When Avon returned home that day, he told his mother of his intention to join the DEA as a special agent. She was visibly shaken and upset and pleaded with him to reconsider. And Avon explained to her that it wouldn’t be like the narcotics unit where his father worked.
But that wasn’t entirely the truth. Avon had omitted to tell his mother that he would be going undercover, conducting buy-and-busts, and rubbing elbows with dangerous drug dealers, to spare her the worry.
Avon completed his training and graduated, for the first time in his life, at the top of his class. His career began rather successfully. He was living the life, cracking drug cases like a pro. Within his first two years as an agent, he had won several prestigious awards and was viewed in his field office as a “golden boy.”
Avon’s career took a turn for the worse, however, when, during a drug raid on the home of a well-known drug dealer, he accidentally shot a fifteen-year-old boy. Unfortunately, the DEA’s confidential informant had provided the wrong address.

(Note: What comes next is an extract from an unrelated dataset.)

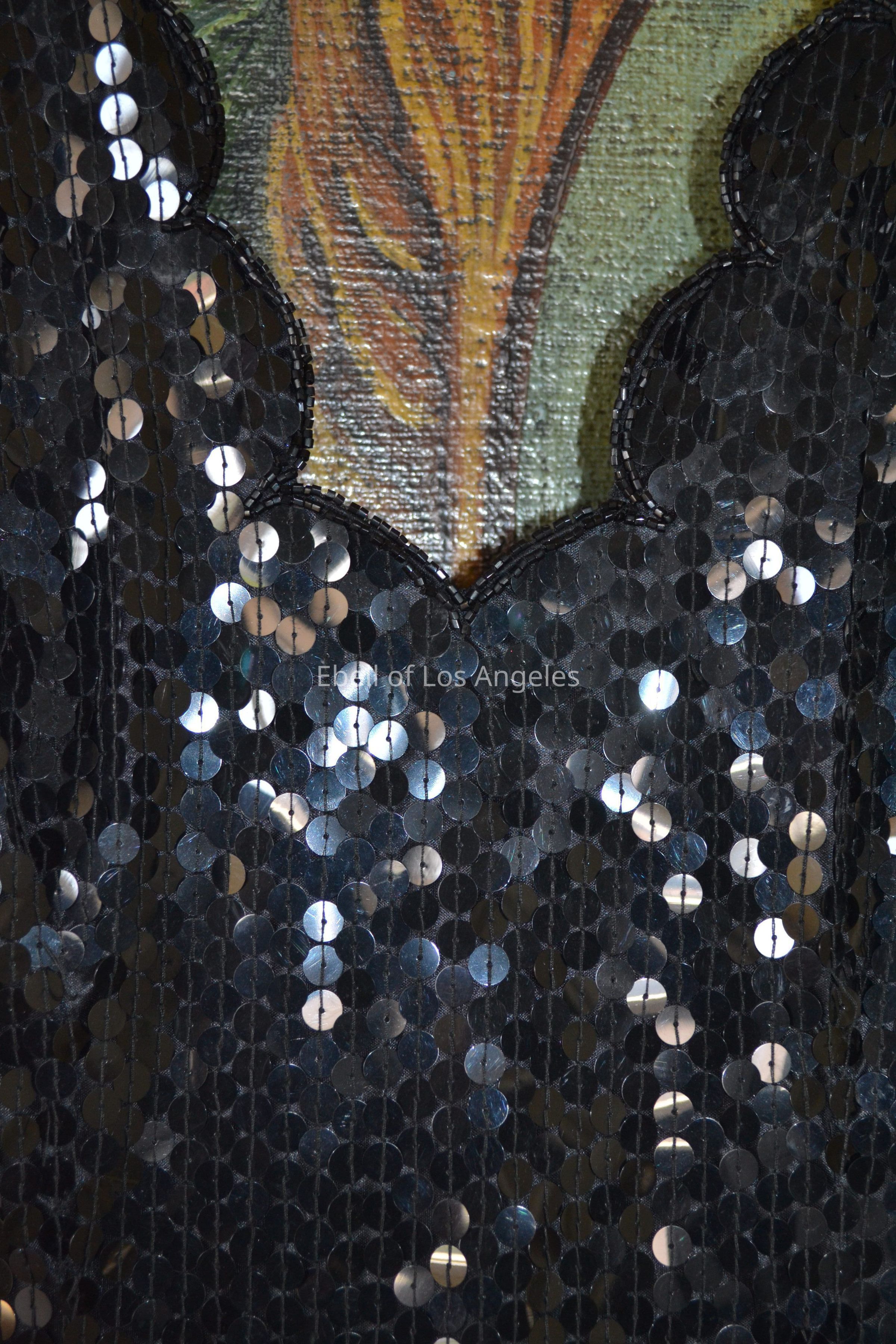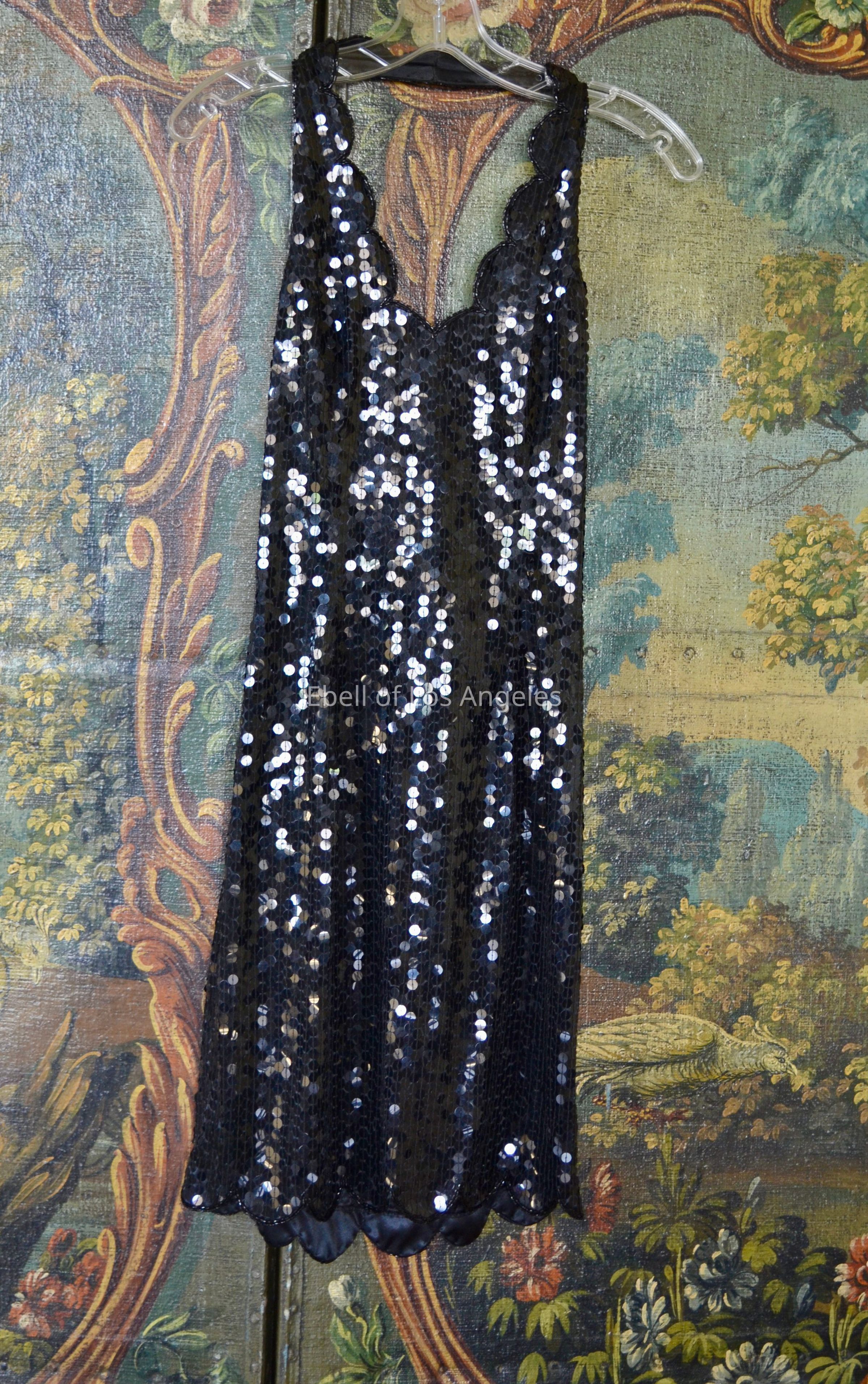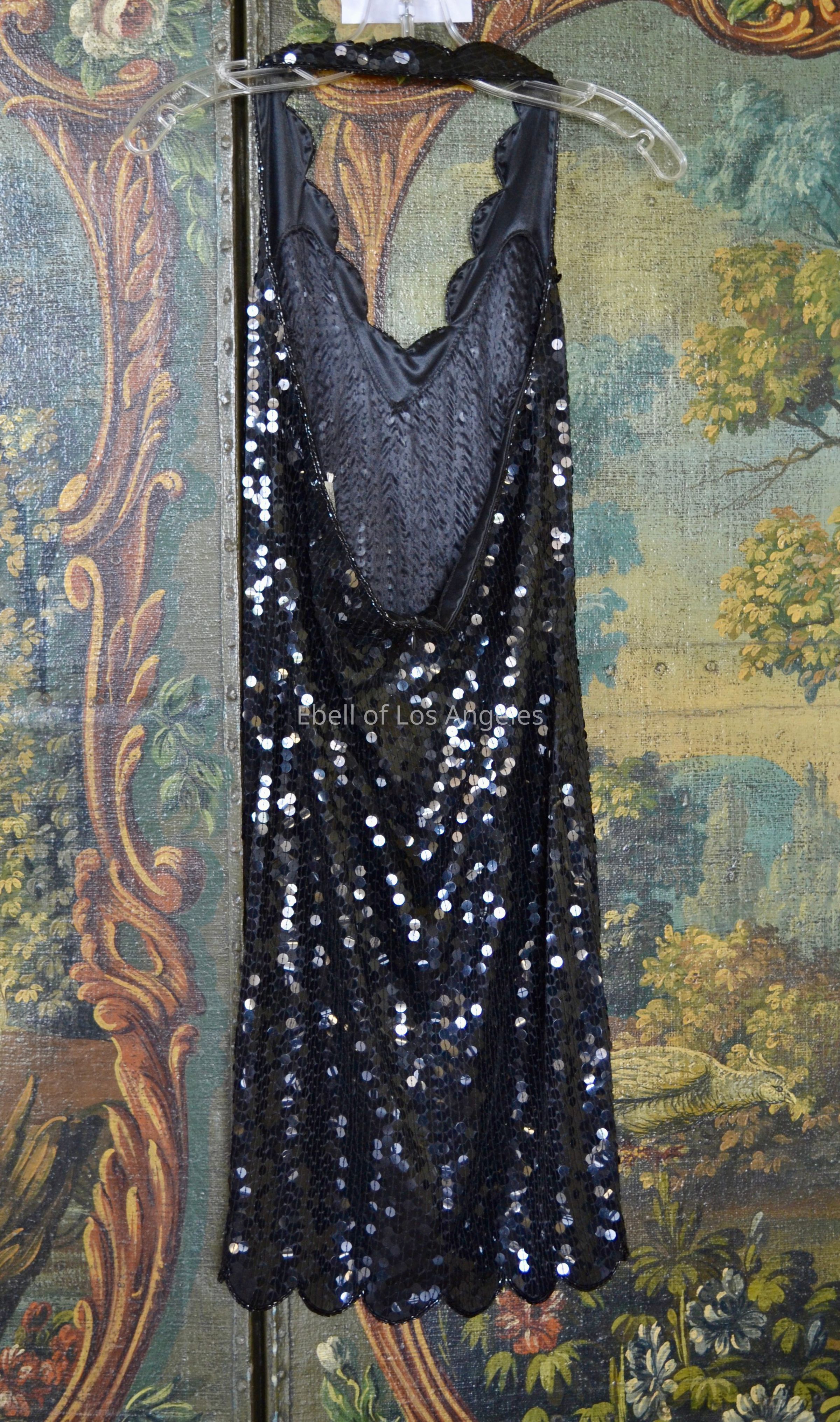 Black sequined halter dress with scalloped hem and neckEntry/Object ID

When Avon’s unit rammed the door of the home and entered tactically, there was a lot of screaming and running. As they worked to clear the house, he and Brad Brubaker searched the back rooms to make sure everyone was accounted for. In one of the bedrooms, Avon could hear someone breathing hard in the closet.
Brubaker put his fingers to his lips to indicate silence, and the two approached the closet on deft feet. Brubaker pulled back the closet door for Avon to clear, and a young boy jumped out with a black crowbar raised in his hand.
Avon, in knee-jerk reaction, overreacted and let off a single shot. The boy died later that day at the hospital. There was a huge public fallout. Everyone in the city wanted Avon’s head on a platter; firing him wasn’t going to be enough. Avon was ultimately vindicated of any wrongdoing because he was able to articulate his perceived threat—the boy could’ve just as easily had a gun—but his name was forever tarnished by the incident.